Катя с сомнением поглядела на веселящегося брата:
– Что-то ты расходился не в меру. Ой, чует мое сердце, что добром твоя командировка не кончится…
Ее голос был по-прежнему тих, но она слабо улыбнулась, и Хват поспешил закрепить успех, перебив сестру на полуслове.

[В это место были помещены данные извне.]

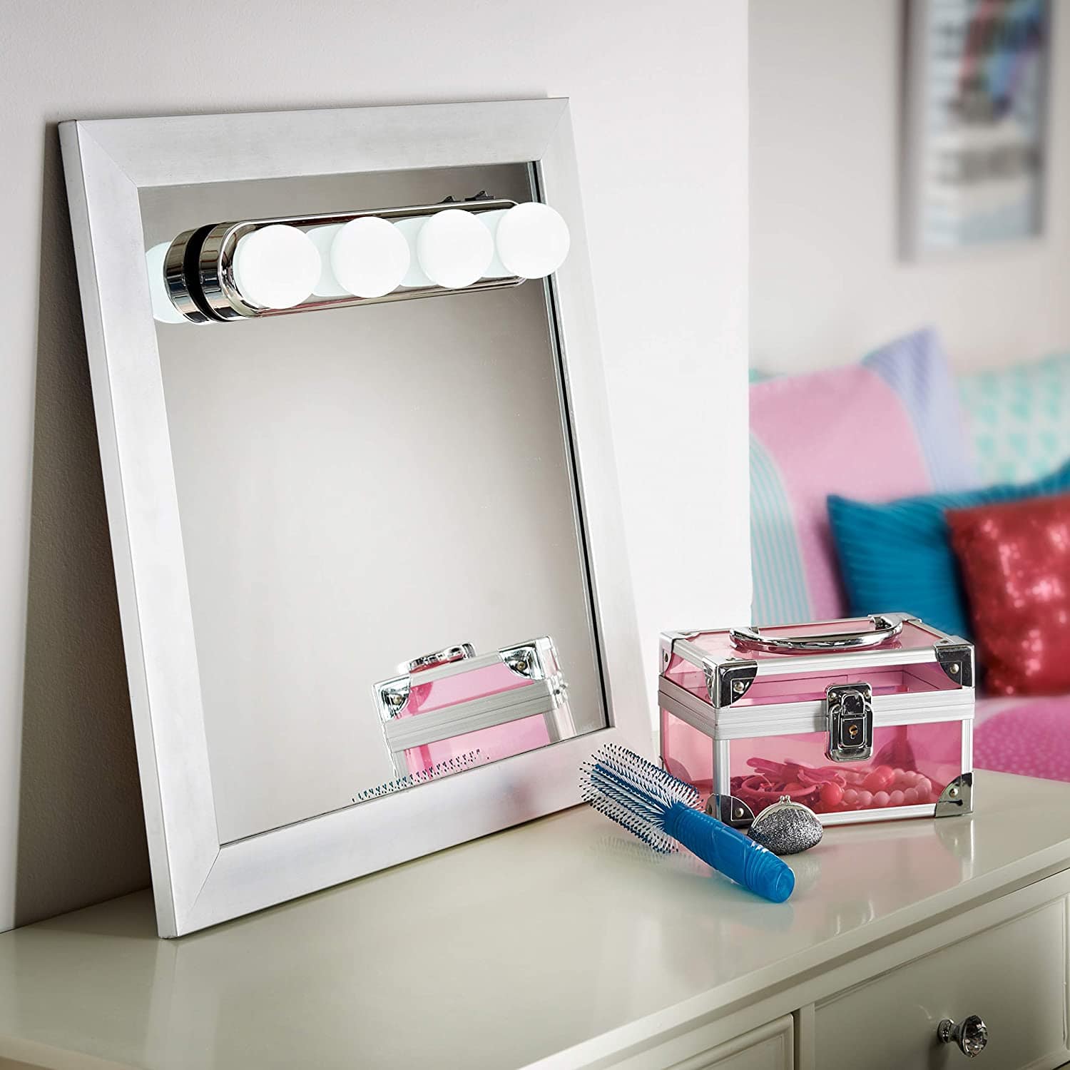 Lumaglam™, cordless mirror light that can instantly convert any mirror into a bright and even professional studio mirror.

– Мое сердце тоже кое-что чувствует, – бодро воскликнул он. – Придется мне отправляться в путь-дорогу несолоно хлебавши. Скажи, ты этого добиваешься?
– Ну, Мишенька, пожалуйста, ну что тебе стоит, – взмолилась Катя совсем как в детстве, когда уговаривала брата исполнить свой каприз.
– Не канючь, – строго сказал Хват. – Вот вернусь, тогда съездим куда-нибудь вместе. Хочешь?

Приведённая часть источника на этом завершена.